The Erbslöh AG is a metal-working operation, mainly in the processing of aluminum has focused.

history

Residential house and factory building of the Julius and August Erbslöh families in Barmen-Wupperfeld (today: Wuppertal), pastel, C. Vedder 1843
Commemorative sheet for the 50th anniversary of the metal rolling mills Julius and August Erbslöh from 1892. In addition to the factories above, the founding generation, Carl Emil Wolf, Julius I. and August Erbslöh, and below the 2nd generation shareholders, Alexander Erbslöh, Walter Erbslöh are shown and Julius Erbslöh II.
Main factory of Julius and August Erbslöh on Berliner Straße in Barmen-Wupperfeld, around 1900

Company history

The company was founded in 1842 by Carl Emil Wolff and Julius Erbslöh I in Barmen - Wupperfeld (today: Wuppertal ) as a plating factory. The manufacture consisted mainly in the manufacture of gold- and silver-plated metal sheets , such as those used for the manufacture of buttons , car lights and the like. Over the years a wide variety of articles from the relevant genres , such as passe-partouts , silver-plated plates for daguerreotypes , wallet plates, brass , copper and stencil sheets, real fine silver and "patterned sheets" have been added.

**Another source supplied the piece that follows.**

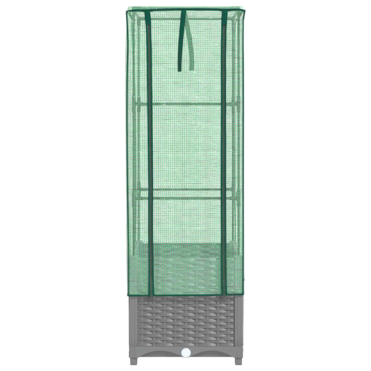 This raised bed with a greenhouse cover provides lots of growing space with its sturdy supporting frame.Sturdy construction: The raised bed, constructed from polypropylene, features a sturdy iron tube frame on top, enabling plants to grow and climb through it.Functional cover: The raised bed features a water-resistant polyethylene cover that protects your plants from extreme temperatures and keeps out insects, birds, and small animals.Practical design: The raised bed includes zippers for ventilation, allowing you to adjust the cover as needed. Additionally, it features ropes at the top, making it easy to secure the net to the tube.Rattan look design: The raised bed, featuring the rattan look design, adds a touch of natural charm to your outdoor living space.Wide applications: The raised bed provides ample space for your plants, vegetables, herbs, and flowers. You can use it in gardens, courtyards, balconies, and so on.

The company changed its name in 1872 under the name Julius & August Erbslöh and took 1889 as one of the first in Germany - if not the first ever - that processing of the then new material aluminum on an industrial scale and set in motion in 1911 with the introduction of a hydraulic press with With a pressing force of 1,000 tons, the company developed into one of the most important manufacturers of aluminum profiles. Already in the 1880s, the company introduced a corporate health insurance and a pension and provident fund one for their employees.

In the period that followed, the company continued to grow. Additional halls were built and new presses increased production output. In 1942 the company employed around 650 people on a 58,000 square meter site and produced 5,300 tons of semi-finished products from various alloys . After the Second World War , the occupying power imposed a complete production ban until 1947. In the years of reconstruction that followed, aluminum became a coveted material in many industries, especially in the emerging automotive industry .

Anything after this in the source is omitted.